Biodiversity: The next big ESG wave and why it’s important to UK investors

Hargreaves Lansdown’s Tara Clee says ‘nature positive’ has become the new trending target


Tara Clee, ESG analyst, Hargreaves Lansdown

Biodiversity loss poses a significant and under-appreciated threat to financial stability. This is due to the economic activities and financial assets that are contingent on healthy ecosystems. In fact, more than half of the world’s economic output is moderately or highly dependent on nature.

As with climate change, biodiversity loss is a systemic risk to the economy.
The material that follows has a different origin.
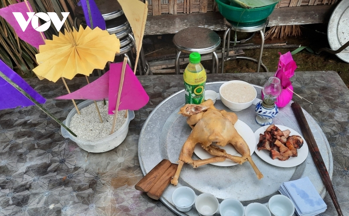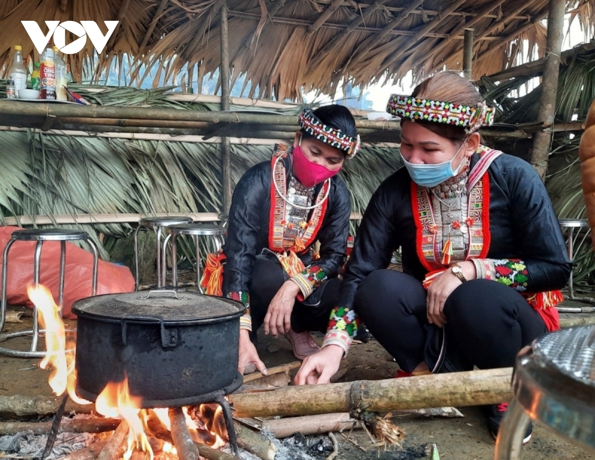 | Villagers cook traditional dishes to offer to deities and ancestors. |

The interrelationship of biodiversity loss and climate change is a magnifying positive feedback loop. A changing climate can make some environments uninhabitable, and ecosystems play a vital role in regulating greenhouse gases. Human pressures such a habitat degradation and over-exploitation aggravate the crisis further. For example, in the UK over half of the nation’s land cover is enclosed farmland.

The UK is one of the most nature-depleted countries in the world, according to the WWF. Since 1970, there’s been on average an almost 70% decline in the populations of mammals, birds, fish, reptiles, and amphibians. This decline is a concern across the nation, as a recent YouGov survey found that 81% that UK adults believe nature is under threat and more needs to be done urgently to protect and restore it.
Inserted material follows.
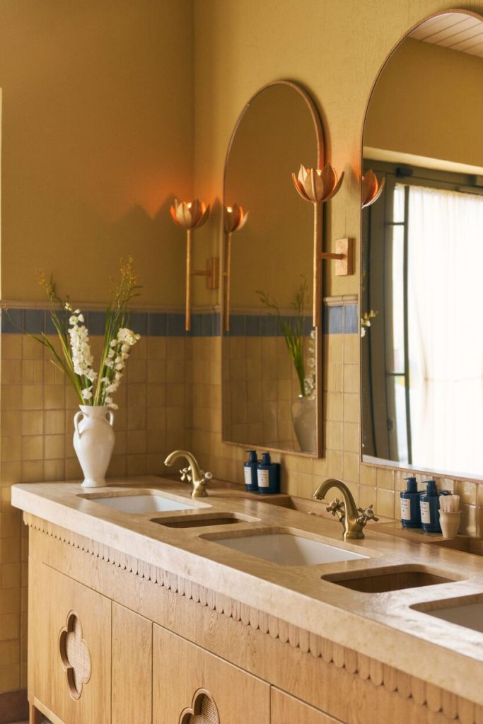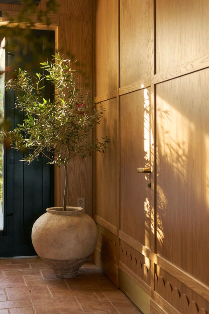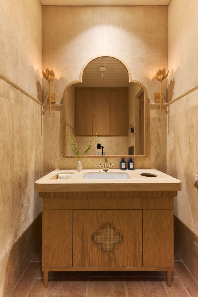 Современная средиземноморская эстетика с лёгкими гастро-нотами раскрывается через палитру натуральных фактур: тёплое дерево и ротанг переплетаются с благородством натурального камня и керамики. Глубину пространству придают материалы: травертин, мрамор, а также изысканная плитка от бренда Monopole и Kerama Marazzi, создающие ощущение тактильного и визуального богатства.

Last month, proposals from the UK government signal further steps back for UK biodiversity. Nature-friendly farming payments, also known as the ‘Brexit bonus’, pay farmers for their stewardship of nature and are seen by some as one of the few positive Brexit dividends. However, the Department for Environment, Food and Rural Affairs (Defra) are hinting at a return to payments per acre of land owned. This subsidy will pay farmers a set payment no matter how well they care for the land, therefore removing any incentivisation for championing biodiversity.

This potential policy change amongst a sea of government U-turns validates the need for investors to step up. Not only to save the biodiversity we have left, but to mitigate the potential financial risk at stake.

Many companies are recognising the importance of protecting biodiversity, with ‘nature positive’ becoming the new trending target. Yet arguably biodiversity is even harder than climate change to quantify and measure. How can companies really understand the impact their operations and supply chain have on nature, and where should they begin in preserving their natural capital?  

This is a key problem the Taskforce on Nature-related Financial Disclosures (TNFD) aims to solve. Their framework helps financial institutions and companies understand how nature impacts the organisation’s immediate financial performance, or the longer-term financial risks that may arise from how the organisation, positively or negatively, impacts nature. Due to be rolled out in September 2023, TNFD will allow financial institutions and companies to incorporate nature-related risks and opportunities into their strategic planning, risk management and asset allocation decisions. The framework will also provide a tool for investors looking to assess biodiversity risk and opportunities.

In the meanwhile, investors can use third party data providers such as Sustainalytics who offer their headline ESG ratings for free. Companies’ rating scores comprise of a range of ESG metrics, including biodiversity.

On a more top-down level, the UN Biodiversity Conference (COP15) in December will galvanise national commitment and action. The summit brings governments from around the world together to agree on a new set of goals to guide global actions to protect and restore nature. Earlier this year, the UK pledged support to COP15 by calling on the international community to halt and reverse biodiversity loss globally and adopt the ‘30by30’ target – to protect at least 30% of land and ocean by 2030. However, nature activists are calling this target into question with Truss’ government’s new priorities.

Whilst data availability and credibility improve and global commitments formalise, many asset managers are seeing the opportunity in addressing the biodiversity crisis. According to Morningstar, 40% of biodiversity themed open-ended funds launched in 2022 were from managers such as Fidelity, BNP, AXA, and Federated Hermes.

As biodiversity builds to be the next big ESG wave, investors wanting to be at the forefront should start considering how to make their portfolio nature positive, as well as net zero.